**WHAT THE TASK REQUIRES**
All records are to be transcribed in full; any pictures among them are to be skipped.

**EXCERPTED DATA**
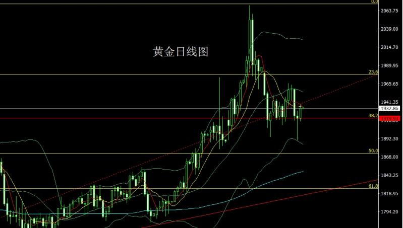 今日上午9:00-11:00本人在中金路演,希望平时关注并支持我的投资者能积极参与,路演地址:htt://roadhow.cnfol.co/how/31133 昨日黄金市场区间回落,早盘开盘在1935.5的位置后行情小幅拉伸给出1938.4的位置后行情震荡回落,美盘最低给到了1910.6的位置后行情整理,日线最终收线在了1921.2的位置后行情以一根下影线很
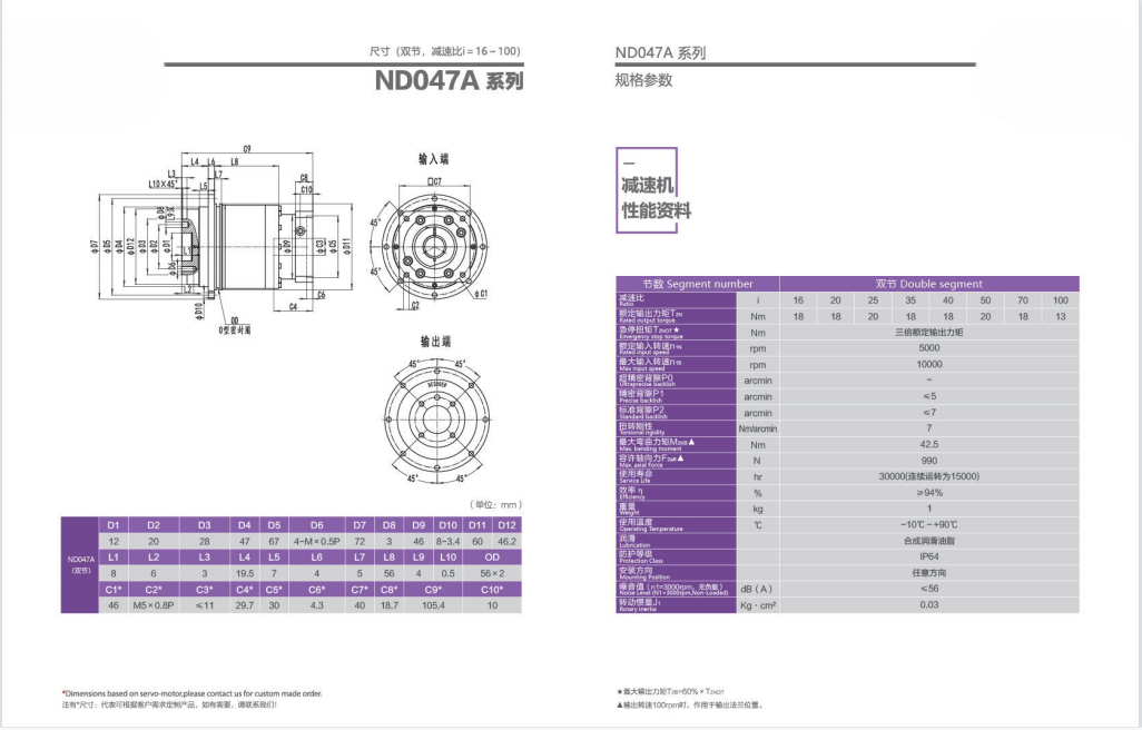 ND047A系列超精密背隙行星減速機系列(P0): ND047A系列精密背隙行星減速器系列(P1): ND047A系列標準背隙行星減速機系列(P2):
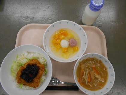 献立 味噌かつ丼 みそ汁 フルーツ白玉 牛乳
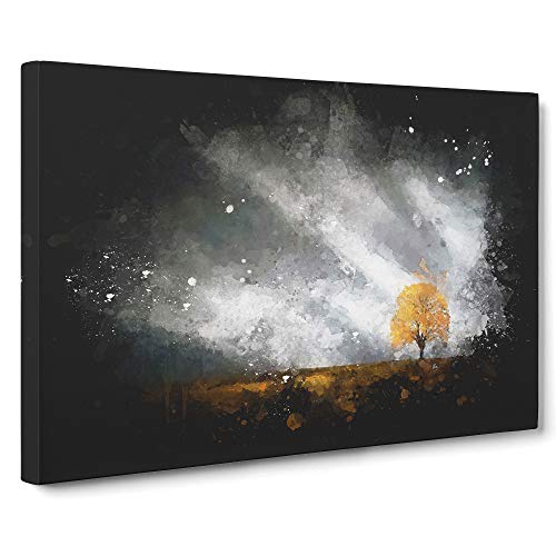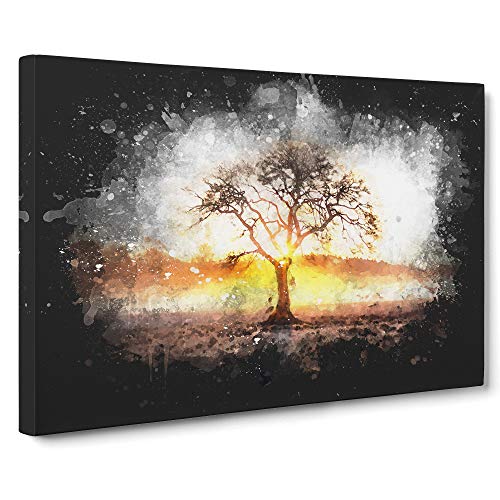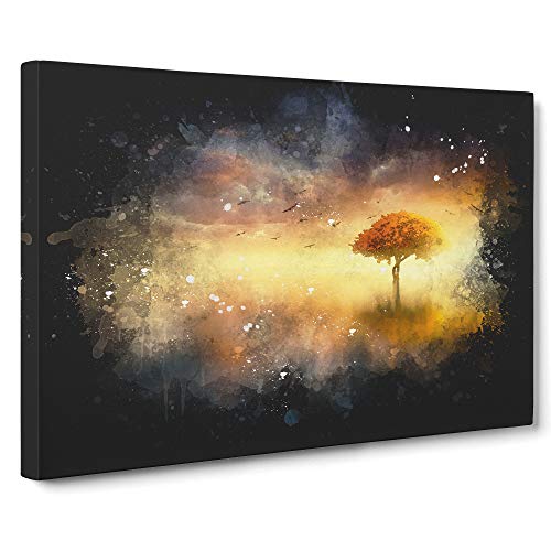 Lone Tree at Dusk Paint Splash Canvas Print | Gallery Wrapped 30mm Frame Wall Art | 30x20 inches | Ready to Hang | Modern Landscape Picture | Living Room Bedroom Lounge Office
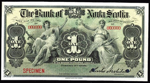 Kingston, Jamaica (Canada), £1, P-S131s, 550380204S, Specimen, Black on olive green and light yellow, Allegorical man and woman flank denomination counter, back green, Specimen and "000000" overprints, POC's, PMG graded Choice Uncirculated 64 EPQ. Very attractive and scarce note. ABNC.
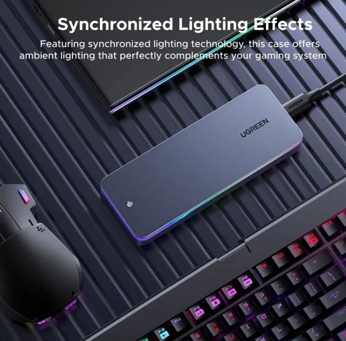 Stylish RGB Lighting: Beyond functionality, this enclosure also features eye-catching RGB lighting that adds style to your tech setup. This means you can customize the appearance of your workspace or gaming station while ensuring excellent performance. Its design is not only about looks but also includes robust protection to safeguard your SSD, giving you the perfect combination of style and security.
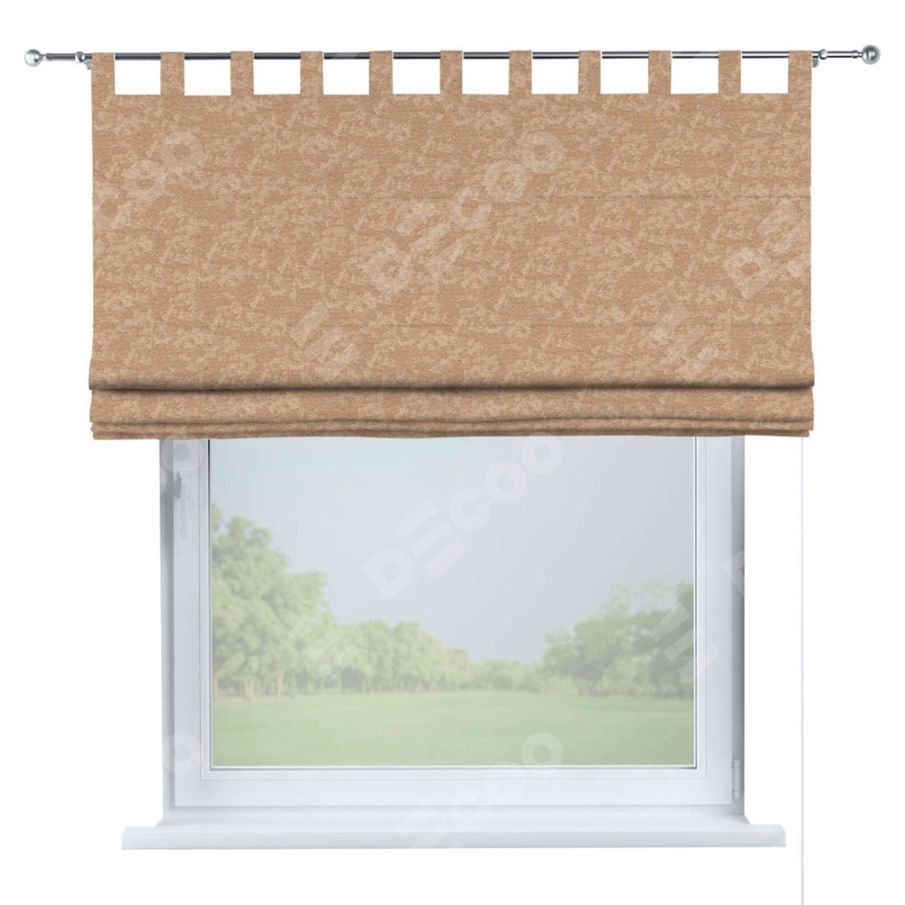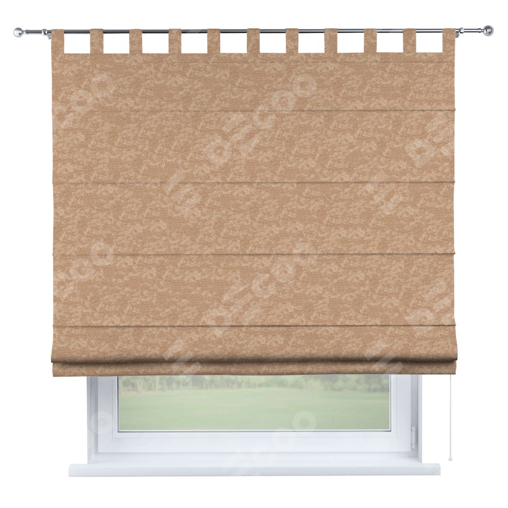 Римская штора производителя «Cortin», используется для проёма, пошита из ткани софт мрамор бронзовый, артикул ткани 93576. Данная модель пошита на петлях, комплектуется на выбор круглым карнизом и подходит для монтажа на стену. Римская штора на петлях имеет простую систему регулировки высоты, отличительным преимуществом данной модели является простой способ монтажа. Достаточно повесить ее на трубу и штора готова!
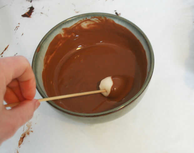 Ya sea inmersión rellenos en el chocolate con un tenedor y dejar que el pergamino, o pinchar los rellenos y les sumergen así (a'la cake pops).
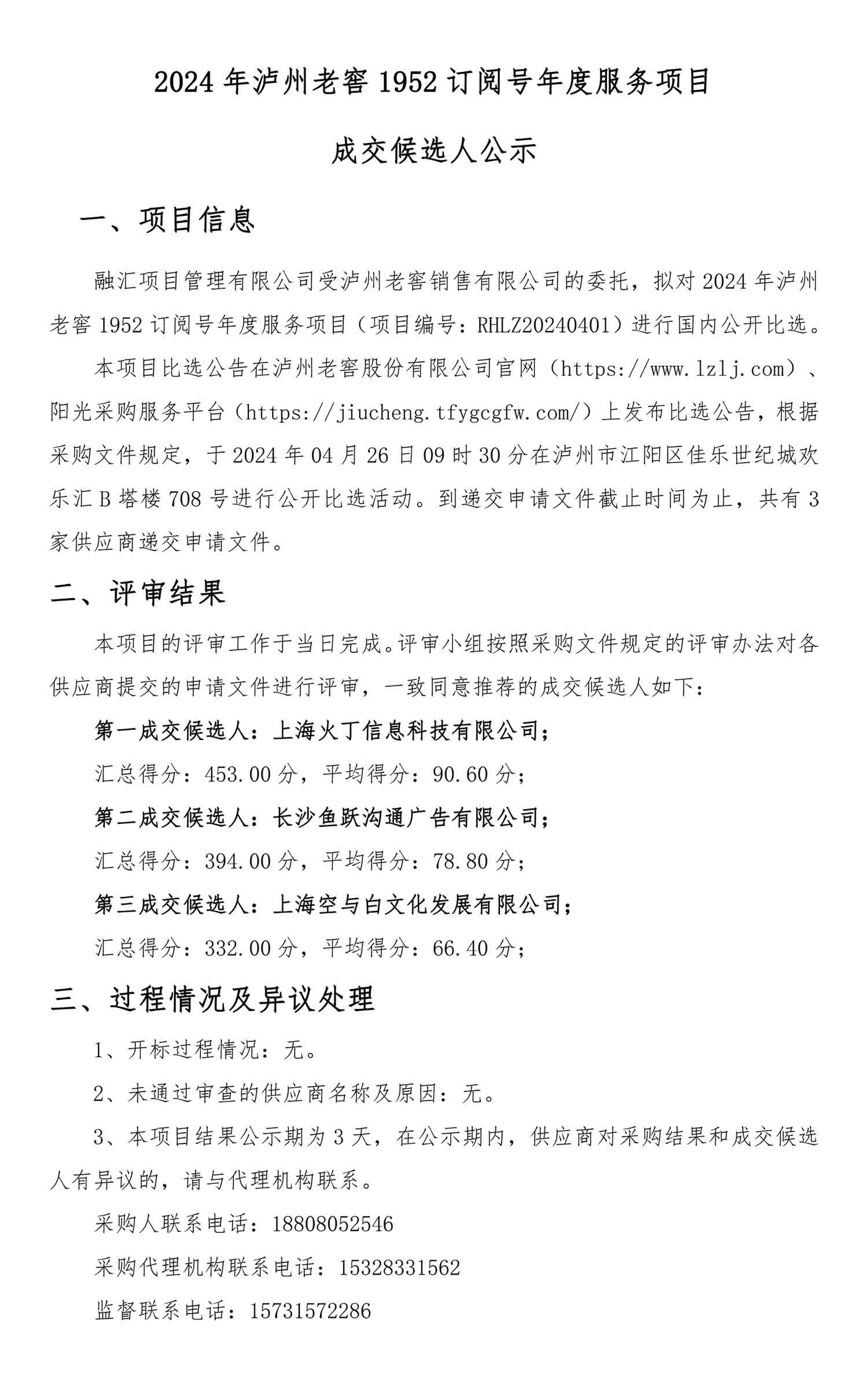 2024年蘑菇视频 1952订阅号年度服务项目成交候选人公示
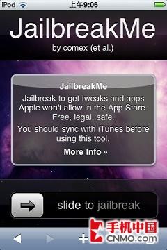 iOS 4的越狱使用JailbreakMe,过程非常简单,只需用你的手机登陆http://jailbreakme.com/即可。。
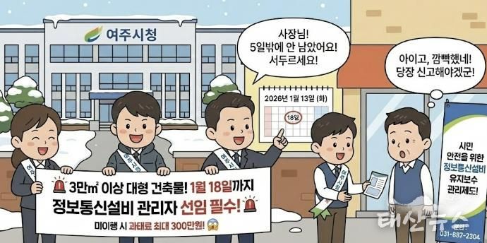 현재 여주시 내 연면적 3만㎡ 이상인 대형 건축물의 관리주체는 오는 2026년 1월 18일까지 정보통신설비 유지보수 관리자를 선임하고 지자체에 신고를 완료해야 합니다.

**ANSWER TO THIS TASK**
 今日上午9:00-11:00本人在中金路演,希望平时关注并支持我的投资者能积极参与,路演地址:htt://roadhow.cnfol.co/how/31133 昨日黄金市场区间回落,早盘开盘在1935.5的位置后行情小幅拉伸给出1938.4的位置后行情震荡回落,美盘最低给到了1910.6的位置后行情整理,日线最终收线在了1921.2的位置后行情以一根下影线很
 ND047A系列超精密背隙行星減速機系列(P0): ND047A系列精密背隙行星減速器系列(P1): ND047A系列標準背隙行星減速機系列(P2):
 献立 味噌かつ丼 みそ汁 フルーツ白玉 牛乳
 Lone Tree at Dusk Paint Splash Canvas Print | Gallery Wrapped 30mm Frame Wall Art | 30x20 inches | Ready to Hang | Modern Landscape Picture | Living Room Bedroom Lounge Office
 Kingston, Jamaica (Canada), £1, P-S131s, 550380204S, Specimen, Black on olive green and light yellow, Allegorical man and woman flank denomination counter, back green, Specimen and "000000" overprints, POC's, PMG graded Choice Uncirculated 64 EPQ. Very attractive and scarce note. ABNC.
 Stylish RGB Lighting: Beyond functionality, this enclosure also features eye-catching RGB lighting that adds style to your tech setup. This means you can customize the appearance of your workspace or gaming station while ensuring excellent performance. Its design is not only about looks but also includes robust protection to safeguard your SSD, giving you the perfect combination of style and security.
 Римская штора производителя «Cortin», используется для проёма, пошита из ткани софт мрамор бронзовый, артикул ткани 93576. Данная модель пошита на петлях, комплектуется на выбор круглым карнизом и подходит для монтажа на стену. Римская штора на петлях имеет простую систему регулировки высоты, отличительным преимуществом данной модели является простой способ монтажа. Достаточно повесить ее на трубу и штора готова!
 Ya sea inmersión rellenos en el chocolate con un tenedor y dejar que el pergamino, o pinchar los rellenos y les sumergen así (a'la cake pops).
 2024年蘑菇视频 1952订阅号年度服务项目成交候选人公示
 iOS 4的越狱使用JailbreakMe,过程非常简单,只需用你的手机登陆http://jailbreakme.com/即可。。
 현재 여주시 내 연면적 3만㎡ 이상인 대형 건축물의 관리주체는 오는 2026년 1월 18일까지 정보통신설비 유지보수 관리자를 선임하고 지자체에 신고를 완료해야 합니다.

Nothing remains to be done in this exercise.